Work order —
Write out, word for word and with no pictures, each line below from the one containing "La casa principal" through the one containing "В этот же день", both included, and no other line.
*** Exercise input Section Begins ***
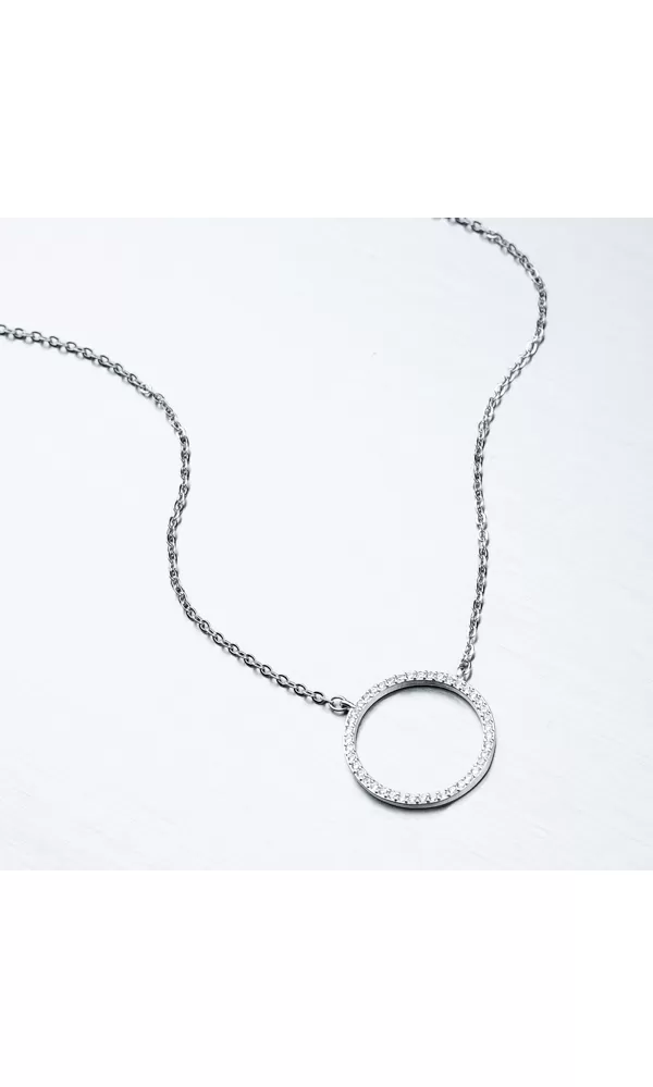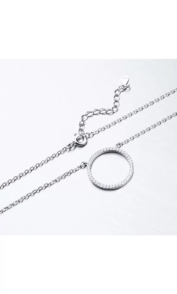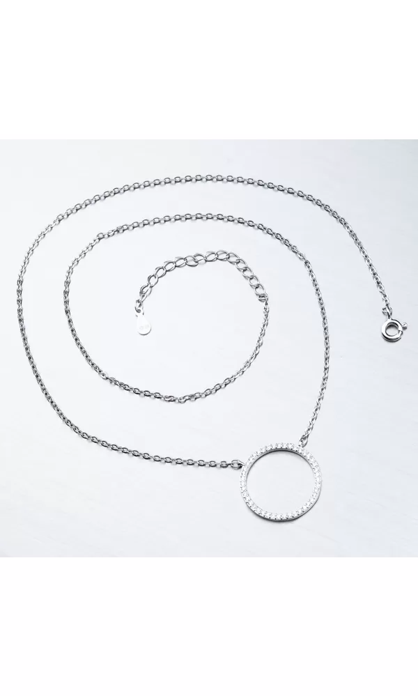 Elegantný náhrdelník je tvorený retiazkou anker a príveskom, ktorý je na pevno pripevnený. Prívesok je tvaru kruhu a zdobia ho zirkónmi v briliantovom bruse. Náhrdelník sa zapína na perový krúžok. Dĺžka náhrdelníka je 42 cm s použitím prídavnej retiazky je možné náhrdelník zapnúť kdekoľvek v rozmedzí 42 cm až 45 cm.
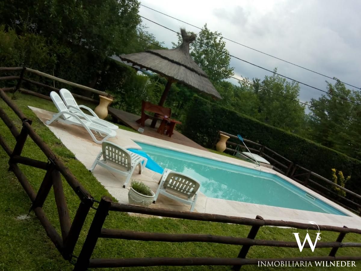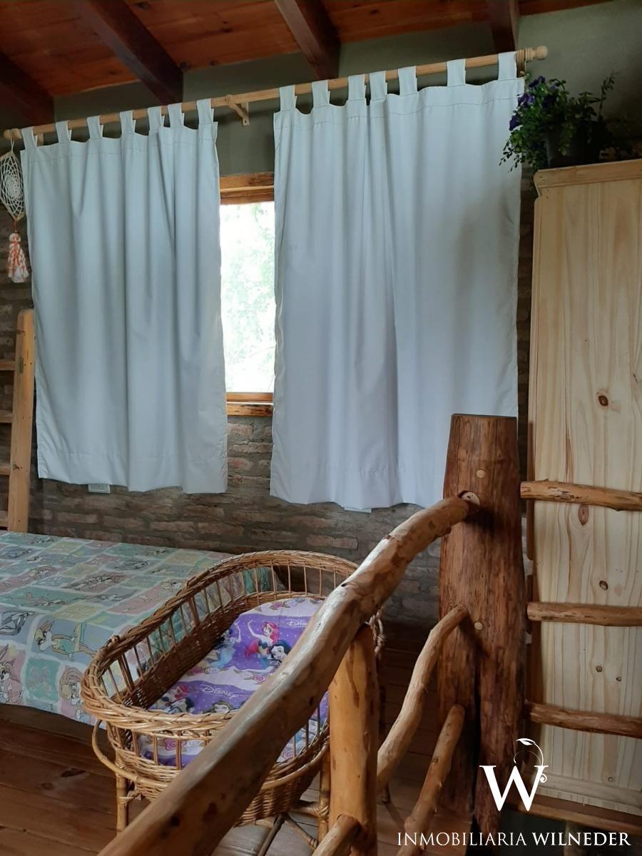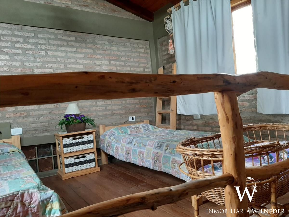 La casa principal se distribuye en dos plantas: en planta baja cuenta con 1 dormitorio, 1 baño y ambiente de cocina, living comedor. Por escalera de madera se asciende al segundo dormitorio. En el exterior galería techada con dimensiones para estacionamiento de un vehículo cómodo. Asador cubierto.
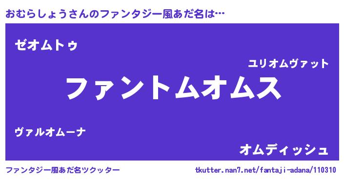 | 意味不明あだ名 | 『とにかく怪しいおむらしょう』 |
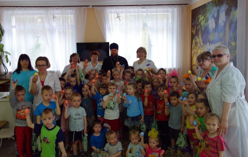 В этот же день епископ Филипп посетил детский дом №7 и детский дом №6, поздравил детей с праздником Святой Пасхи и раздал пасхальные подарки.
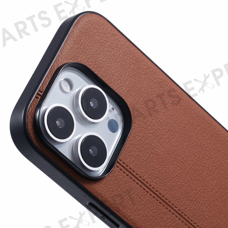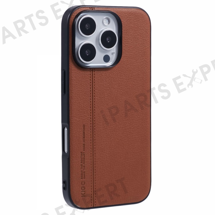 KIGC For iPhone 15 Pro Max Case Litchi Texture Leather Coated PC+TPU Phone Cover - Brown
*** Exercise input Section Ends ***
Exercise result —
 La casa principal se distribuye en dos plantas: en planta baja cuenta con 1 dormitorio, 1 baño y ambiente de cocina, living comedor. Por escalera de madera se asciende al segundo dormitorio. En el exterior galería techada con dimensiones para estacionamiento de un vehículo cómodo. Asador cubierto.
 | 意味不明あだ名 | 『とにかく怪しいおむらしょう』 |
 В этот же день епископ Филипп посетил детский дом №7 и детский дом №6, поздравил детей с праздником Святой Пасхи и раздал пасхальные подарки.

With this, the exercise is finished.